Apart from the pictures, the listing is to be returned exactly.
Start of PROVIDED MATERIAL
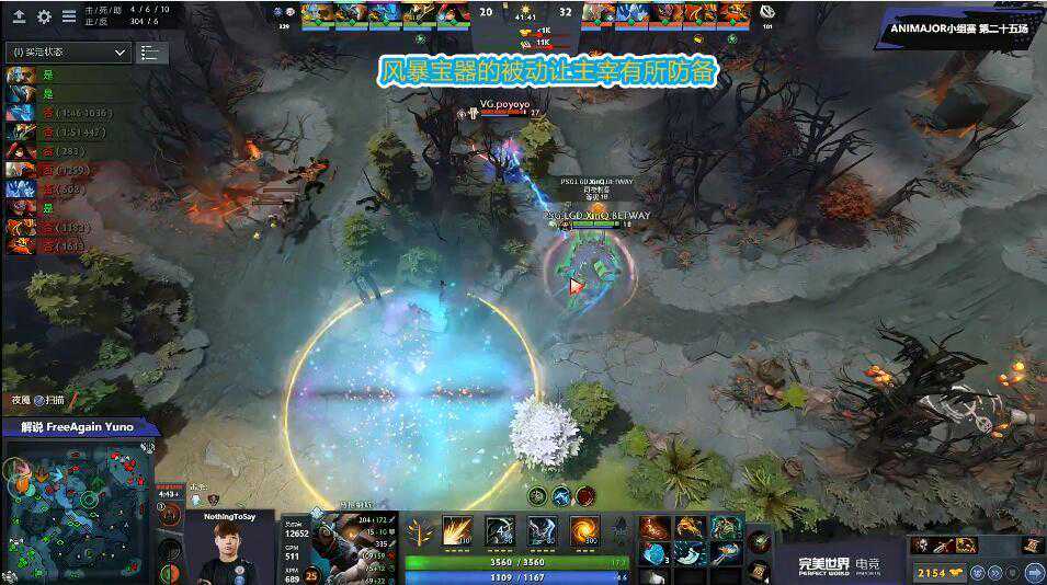 转折点就在与XinQ的小强开大Gank时,中立道具风暴宝器的被动(每3秒电击700范围内一个敌人,造成200点伤害并减速40%,持续0·3秒)让poyoyo的主宰有所察觉,导致Gank失败;随后的VG果断地开雾反扑,凭借老十一完美的先手(秒掉无法买活的术士)成功翻盘。
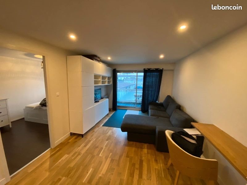 A 4' à pied du tram B St Nicolas particulier loue T2 meublé 48m2 séjour avec cuisine ouverte et ilot central balcon sud chambre salle d'eau Wc indépendant entièrement équipé: réfrigérateur, congélateur, micro ondes, lave sèche linge, télévision 820€+60€ ch
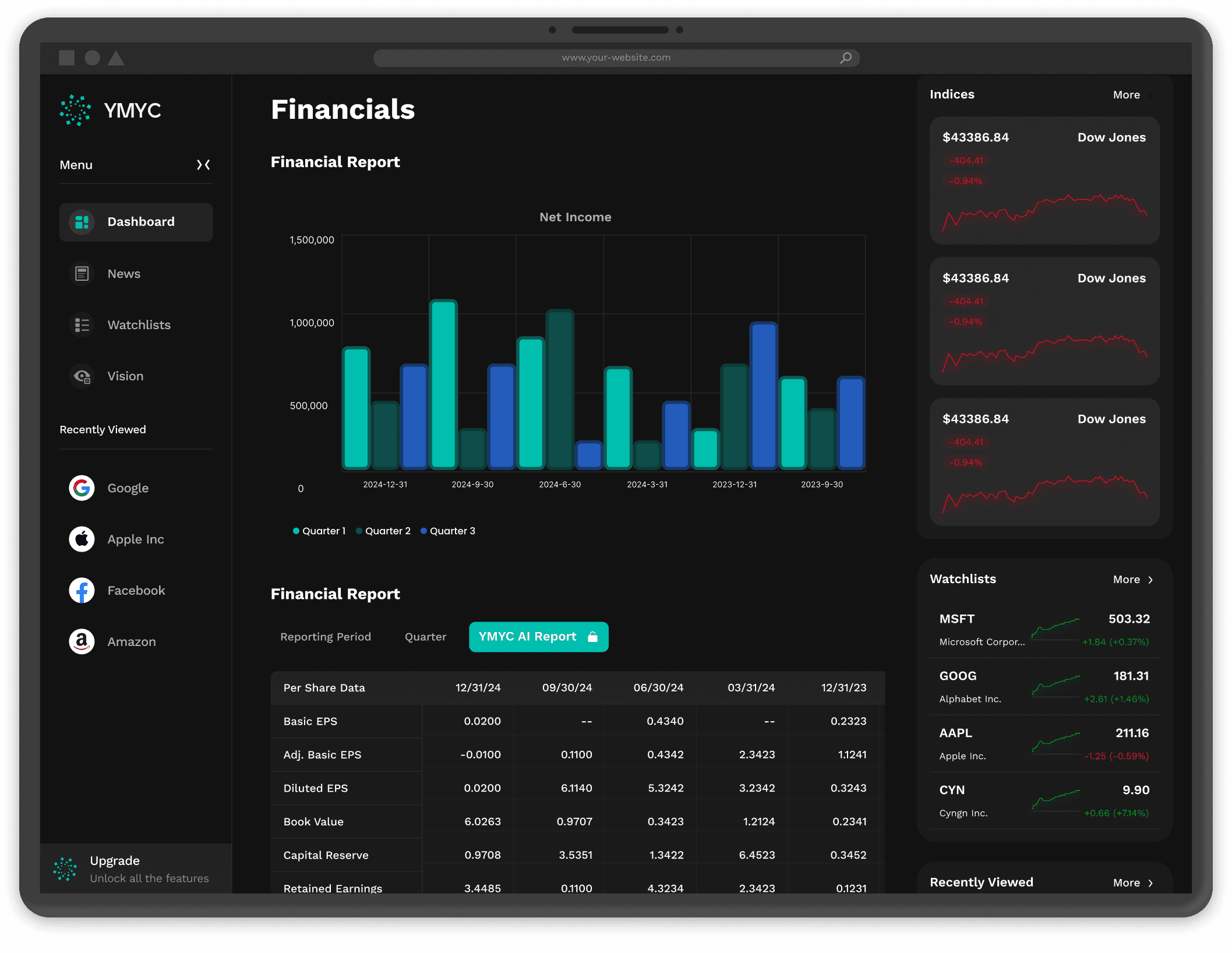 Professional real-time financial data terminal
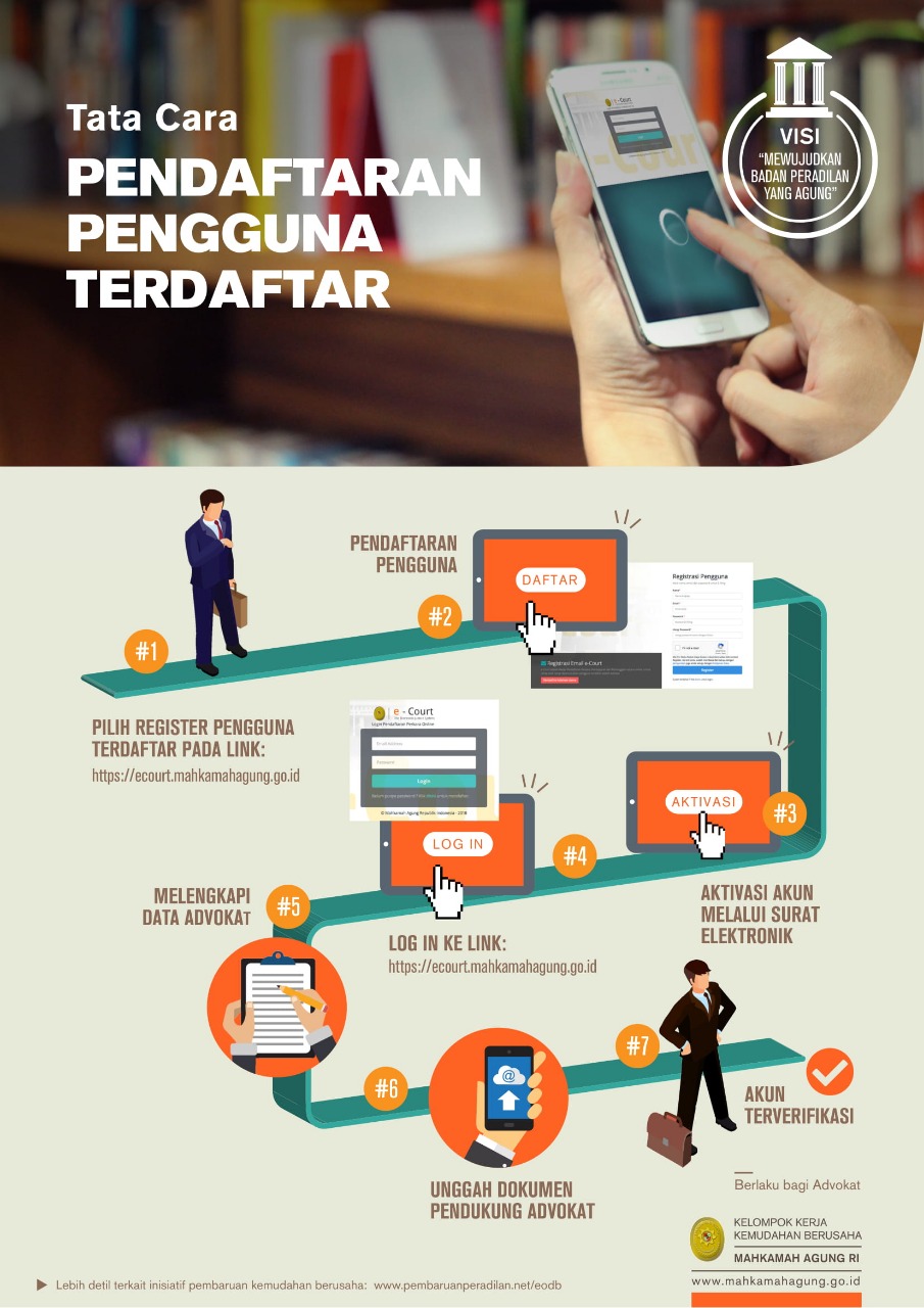 Dalam hal pendaftaran perkara Online, saat ini dikhususkan untuk Advokat. Pengguna terdaftar harus setelah mendaftar dan mendapatkan Akun, harus melalui mekanisme validasi Advokat oleh Pengadilan Tinggi tempat dimana Advokat disumpah, sedangkan pendaftaran dari Perseorangan atau Badan Hukum akan diatur lebih lanjut. Layanan dan Penjelasan singkat Pendaftaran Perkara Online.
End of PROVIDED MATERIAL
[EXERCISE ANSWER]:
 转折点就在与XinQ的小强开大Gank时,中立道具风暴宝器的被动(每3秒电击700范围内一个敌人,造成200点伤害并减速40%,持续0·3秒)让poyoyo的主宰有所察觉,导致Gank失败;随后的VG果断地开雾反扑,凭借老十一完美的先手(秒掉无法买活的术士)成功翻盘。
 A 4' à pied du tram B St Nicolas particulier loue T2 meublé 48m2 séjour avec cuisine ouverte et ilot central balcon sud chambre salle d'eau Wc indépendant entièrement équipé: réfrigérateur, congélateur, micro ondes, lave sèche linge, télévision 820€+60€ ch
 Professional real-time financial data terminal
 Dalam hal pendaftaran perkara Online, saat ini dikhususkan untuk Advokat. Pengguna terdaftar harus setelah mendaftar dan mendapatkan Akun, harus melalui mekanisme validasi Advokat oleh Pengadilan Tinggi tempat dimana Advokat disumpah, sedangkan pendaftaran dari Perseorangan atau Badan Hukum akan diatur lebih lanjut. Layanan dan Penjelasan singkat Pendaftaran Perkara Online.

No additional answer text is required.